◆ **Your objective**: The following data has a line with "On April 2, 2013, Abdelqader" and a line with "Bức tranh của". Write out exactly those lines and all the lines between them.

+ + + + +

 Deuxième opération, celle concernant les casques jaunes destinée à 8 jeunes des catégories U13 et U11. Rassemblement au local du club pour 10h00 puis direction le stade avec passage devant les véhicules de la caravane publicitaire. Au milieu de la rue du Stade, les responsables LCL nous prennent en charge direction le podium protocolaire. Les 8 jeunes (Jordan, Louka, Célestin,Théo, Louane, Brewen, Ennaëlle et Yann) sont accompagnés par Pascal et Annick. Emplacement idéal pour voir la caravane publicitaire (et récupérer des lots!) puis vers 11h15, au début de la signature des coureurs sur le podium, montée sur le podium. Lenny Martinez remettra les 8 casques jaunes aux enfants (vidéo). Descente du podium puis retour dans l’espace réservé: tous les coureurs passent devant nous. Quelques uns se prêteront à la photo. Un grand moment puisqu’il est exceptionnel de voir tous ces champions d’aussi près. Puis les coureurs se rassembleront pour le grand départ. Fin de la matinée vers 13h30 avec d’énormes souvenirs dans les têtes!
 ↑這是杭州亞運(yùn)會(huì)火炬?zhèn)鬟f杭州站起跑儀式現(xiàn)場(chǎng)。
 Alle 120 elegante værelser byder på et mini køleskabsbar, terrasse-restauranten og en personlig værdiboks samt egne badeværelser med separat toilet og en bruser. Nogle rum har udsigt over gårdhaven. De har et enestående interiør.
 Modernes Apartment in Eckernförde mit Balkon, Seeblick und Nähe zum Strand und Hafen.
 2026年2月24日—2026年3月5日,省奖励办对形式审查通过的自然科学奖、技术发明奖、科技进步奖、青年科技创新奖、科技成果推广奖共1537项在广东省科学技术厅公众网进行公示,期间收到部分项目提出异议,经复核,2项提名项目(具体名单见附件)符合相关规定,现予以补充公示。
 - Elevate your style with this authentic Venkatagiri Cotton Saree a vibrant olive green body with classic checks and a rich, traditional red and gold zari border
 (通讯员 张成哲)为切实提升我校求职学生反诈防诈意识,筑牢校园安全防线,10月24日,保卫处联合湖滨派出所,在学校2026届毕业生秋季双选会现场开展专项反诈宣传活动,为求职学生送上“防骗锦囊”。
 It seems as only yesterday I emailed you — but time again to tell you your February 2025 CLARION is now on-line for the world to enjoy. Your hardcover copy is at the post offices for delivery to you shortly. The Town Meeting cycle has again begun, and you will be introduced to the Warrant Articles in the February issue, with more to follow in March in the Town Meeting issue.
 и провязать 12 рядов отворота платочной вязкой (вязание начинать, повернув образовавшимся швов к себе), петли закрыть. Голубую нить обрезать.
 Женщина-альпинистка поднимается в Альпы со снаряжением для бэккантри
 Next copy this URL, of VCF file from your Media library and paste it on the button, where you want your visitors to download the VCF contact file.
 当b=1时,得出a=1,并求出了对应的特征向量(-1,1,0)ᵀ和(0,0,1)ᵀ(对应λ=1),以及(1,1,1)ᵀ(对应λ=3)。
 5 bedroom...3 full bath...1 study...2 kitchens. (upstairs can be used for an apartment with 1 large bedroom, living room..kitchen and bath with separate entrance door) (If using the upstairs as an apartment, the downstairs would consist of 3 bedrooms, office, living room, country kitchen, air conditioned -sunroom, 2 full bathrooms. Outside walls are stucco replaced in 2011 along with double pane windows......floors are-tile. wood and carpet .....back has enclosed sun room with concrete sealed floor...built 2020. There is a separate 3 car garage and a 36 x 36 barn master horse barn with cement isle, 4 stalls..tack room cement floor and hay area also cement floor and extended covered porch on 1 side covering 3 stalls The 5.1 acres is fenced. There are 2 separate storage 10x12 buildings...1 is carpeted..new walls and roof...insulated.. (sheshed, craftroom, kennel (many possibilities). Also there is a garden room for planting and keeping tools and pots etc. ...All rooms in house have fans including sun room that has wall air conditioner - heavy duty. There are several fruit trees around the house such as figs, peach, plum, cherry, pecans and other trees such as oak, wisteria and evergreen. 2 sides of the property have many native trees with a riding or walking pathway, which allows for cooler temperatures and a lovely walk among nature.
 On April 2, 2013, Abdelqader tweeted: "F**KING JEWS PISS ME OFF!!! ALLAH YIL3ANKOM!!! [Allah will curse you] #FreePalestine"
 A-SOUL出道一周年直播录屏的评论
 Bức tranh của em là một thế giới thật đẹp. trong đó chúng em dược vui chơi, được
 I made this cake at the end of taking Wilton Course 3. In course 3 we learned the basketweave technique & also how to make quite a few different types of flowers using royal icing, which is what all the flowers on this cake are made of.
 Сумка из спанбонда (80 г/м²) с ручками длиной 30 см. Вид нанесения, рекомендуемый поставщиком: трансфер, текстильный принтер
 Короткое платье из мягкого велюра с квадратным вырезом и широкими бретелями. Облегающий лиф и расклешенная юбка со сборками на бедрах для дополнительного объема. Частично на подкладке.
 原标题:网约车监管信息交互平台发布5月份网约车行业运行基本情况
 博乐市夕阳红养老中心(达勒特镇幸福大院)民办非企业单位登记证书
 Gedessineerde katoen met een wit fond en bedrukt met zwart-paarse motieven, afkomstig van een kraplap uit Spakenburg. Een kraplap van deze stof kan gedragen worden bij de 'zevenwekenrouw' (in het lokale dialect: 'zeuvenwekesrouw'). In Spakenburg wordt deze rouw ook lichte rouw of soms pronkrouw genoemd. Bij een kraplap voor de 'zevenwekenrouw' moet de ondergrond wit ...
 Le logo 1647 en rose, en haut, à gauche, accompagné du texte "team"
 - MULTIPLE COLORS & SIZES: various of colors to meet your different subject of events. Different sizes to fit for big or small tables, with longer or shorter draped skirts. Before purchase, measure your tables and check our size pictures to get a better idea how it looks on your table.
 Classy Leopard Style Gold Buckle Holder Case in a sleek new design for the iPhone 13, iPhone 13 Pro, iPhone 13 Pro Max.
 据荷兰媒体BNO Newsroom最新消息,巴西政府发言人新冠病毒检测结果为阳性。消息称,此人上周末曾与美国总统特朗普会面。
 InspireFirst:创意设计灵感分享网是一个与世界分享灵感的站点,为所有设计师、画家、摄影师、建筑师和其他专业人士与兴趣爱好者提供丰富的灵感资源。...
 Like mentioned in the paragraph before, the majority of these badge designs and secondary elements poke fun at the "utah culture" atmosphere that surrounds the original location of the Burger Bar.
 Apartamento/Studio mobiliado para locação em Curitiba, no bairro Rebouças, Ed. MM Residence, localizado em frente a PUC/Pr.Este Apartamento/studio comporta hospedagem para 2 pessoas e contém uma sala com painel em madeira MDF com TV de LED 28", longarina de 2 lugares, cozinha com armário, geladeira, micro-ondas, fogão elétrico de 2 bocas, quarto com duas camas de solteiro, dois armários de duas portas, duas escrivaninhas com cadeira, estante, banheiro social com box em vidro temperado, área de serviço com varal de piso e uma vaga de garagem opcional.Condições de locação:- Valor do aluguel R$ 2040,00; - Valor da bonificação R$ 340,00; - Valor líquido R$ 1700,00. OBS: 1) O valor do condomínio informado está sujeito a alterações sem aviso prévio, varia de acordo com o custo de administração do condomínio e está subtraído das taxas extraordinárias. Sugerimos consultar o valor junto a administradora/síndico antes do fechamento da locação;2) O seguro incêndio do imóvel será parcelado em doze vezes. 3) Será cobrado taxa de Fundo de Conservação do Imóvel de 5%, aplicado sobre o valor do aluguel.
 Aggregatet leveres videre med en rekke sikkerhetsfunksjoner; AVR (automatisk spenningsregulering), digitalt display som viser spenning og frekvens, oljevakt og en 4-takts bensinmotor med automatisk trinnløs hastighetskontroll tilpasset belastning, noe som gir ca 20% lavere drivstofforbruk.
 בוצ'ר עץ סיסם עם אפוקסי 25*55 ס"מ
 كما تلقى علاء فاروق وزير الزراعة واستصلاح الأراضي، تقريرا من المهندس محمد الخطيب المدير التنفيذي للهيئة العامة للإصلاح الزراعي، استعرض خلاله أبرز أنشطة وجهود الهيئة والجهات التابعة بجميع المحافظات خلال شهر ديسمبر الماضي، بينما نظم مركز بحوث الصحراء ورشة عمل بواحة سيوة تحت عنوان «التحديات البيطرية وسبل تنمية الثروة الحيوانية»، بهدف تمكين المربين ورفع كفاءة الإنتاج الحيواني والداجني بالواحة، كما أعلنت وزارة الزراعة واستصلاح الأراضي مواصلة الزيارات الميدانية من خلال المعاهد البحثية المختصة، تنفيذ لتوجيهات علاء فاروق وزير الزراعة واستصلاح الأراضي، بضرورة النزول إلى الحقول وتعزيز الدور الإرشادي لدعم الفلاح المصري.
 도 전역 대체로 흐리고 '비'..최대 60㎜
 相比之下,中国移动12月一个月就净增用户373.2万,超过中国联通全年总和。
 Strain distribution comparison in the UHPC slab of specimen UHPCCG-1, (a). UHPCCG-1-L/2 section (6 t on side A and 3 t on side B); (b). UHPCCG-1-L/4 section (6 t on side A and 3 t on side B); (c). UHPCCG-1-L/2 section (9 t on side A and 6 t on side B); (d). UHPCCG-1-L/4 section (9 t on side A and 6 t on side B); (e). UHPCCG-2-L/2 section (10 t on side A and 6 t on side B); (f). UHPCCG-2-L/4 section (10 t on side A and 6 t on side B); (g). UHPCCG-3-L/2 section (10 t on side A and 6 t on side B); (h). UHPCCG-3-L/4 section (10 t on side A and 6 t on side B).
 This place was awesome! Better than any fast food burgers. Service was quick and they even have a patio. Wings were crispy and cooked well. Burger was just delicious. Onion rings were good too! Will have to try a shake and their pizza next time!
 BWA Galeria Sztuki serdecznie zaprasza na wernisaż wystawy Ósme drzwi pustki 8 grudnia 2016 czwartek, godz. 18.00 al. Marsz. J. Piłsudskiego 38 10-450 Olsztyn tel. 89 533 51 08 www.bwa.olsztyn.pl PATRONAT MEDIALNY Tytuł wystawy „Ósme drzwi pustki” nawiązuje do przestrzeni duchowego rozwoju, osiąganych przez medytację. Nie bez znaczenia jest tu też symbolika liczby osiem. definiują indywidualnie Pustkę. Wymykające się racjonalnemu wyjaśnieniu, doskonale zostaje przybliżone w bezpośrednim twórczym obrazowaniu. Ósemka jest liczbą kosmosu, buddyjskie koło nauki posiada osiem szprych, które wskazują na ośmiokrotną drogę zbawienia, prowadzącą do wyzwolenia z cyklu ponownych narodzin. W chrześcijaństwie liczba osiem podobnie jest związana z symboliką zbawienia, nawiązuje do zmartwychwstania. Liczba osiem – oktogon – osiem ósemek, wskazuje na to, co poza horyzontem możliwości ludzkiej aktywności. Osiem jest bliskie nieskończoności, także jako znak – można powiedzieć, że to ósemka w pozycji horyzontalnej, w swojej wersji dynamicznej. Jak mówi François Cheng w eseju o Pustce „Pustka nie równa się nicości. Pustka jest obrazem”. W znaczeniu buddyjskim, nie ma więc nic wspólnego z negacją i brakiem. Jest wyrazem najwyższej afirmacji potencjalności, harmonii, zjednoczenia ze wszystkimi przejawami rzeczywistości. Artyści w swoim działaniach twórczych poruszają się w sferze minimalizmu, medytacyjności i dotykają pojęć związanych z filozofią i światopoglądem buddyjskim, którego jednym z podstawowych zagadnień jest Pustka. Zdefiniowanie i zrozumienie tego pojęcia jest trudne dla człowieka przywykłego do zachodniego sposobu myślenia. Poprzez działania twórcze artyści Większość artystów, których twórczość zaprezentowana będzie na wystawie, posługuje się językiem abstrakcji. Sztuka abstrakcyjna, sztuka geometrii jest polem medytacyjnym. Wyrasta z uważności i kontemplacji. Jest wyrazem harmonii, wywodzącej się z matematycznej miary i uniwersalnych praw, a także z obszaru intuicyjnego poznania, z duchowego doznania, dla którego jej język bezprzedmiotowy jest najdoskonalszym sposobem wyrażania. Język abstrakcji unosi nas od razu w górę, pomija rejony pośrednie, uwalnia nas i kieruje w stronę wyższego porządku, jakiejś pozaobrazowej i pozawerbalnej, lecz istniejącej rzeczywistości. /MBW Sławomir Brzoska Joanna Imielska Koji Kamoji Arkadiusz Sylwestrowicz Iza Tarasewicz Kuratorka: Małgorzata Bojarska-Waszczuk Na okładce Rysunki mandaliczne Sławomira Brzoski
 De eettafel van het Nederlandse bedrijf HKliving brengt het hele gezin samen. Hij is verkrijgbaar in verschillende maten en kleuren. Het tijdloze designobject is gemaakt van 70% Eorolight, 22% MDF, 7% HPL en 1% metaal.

+ + + + +

◆ **Task output**:
 On April 2, 2013, Abdelqader tweeted: "F**KING JEWS PISS ME OFF!!! ALLAH YIL3ANKOM!!! [Allah will curse you] #FreePalestine"
 A-SOUL出道一周年直播录屏的评论
 Bức tranh của em là một thế giới thật đẹp. trong đó chúng em dược vui chơi, được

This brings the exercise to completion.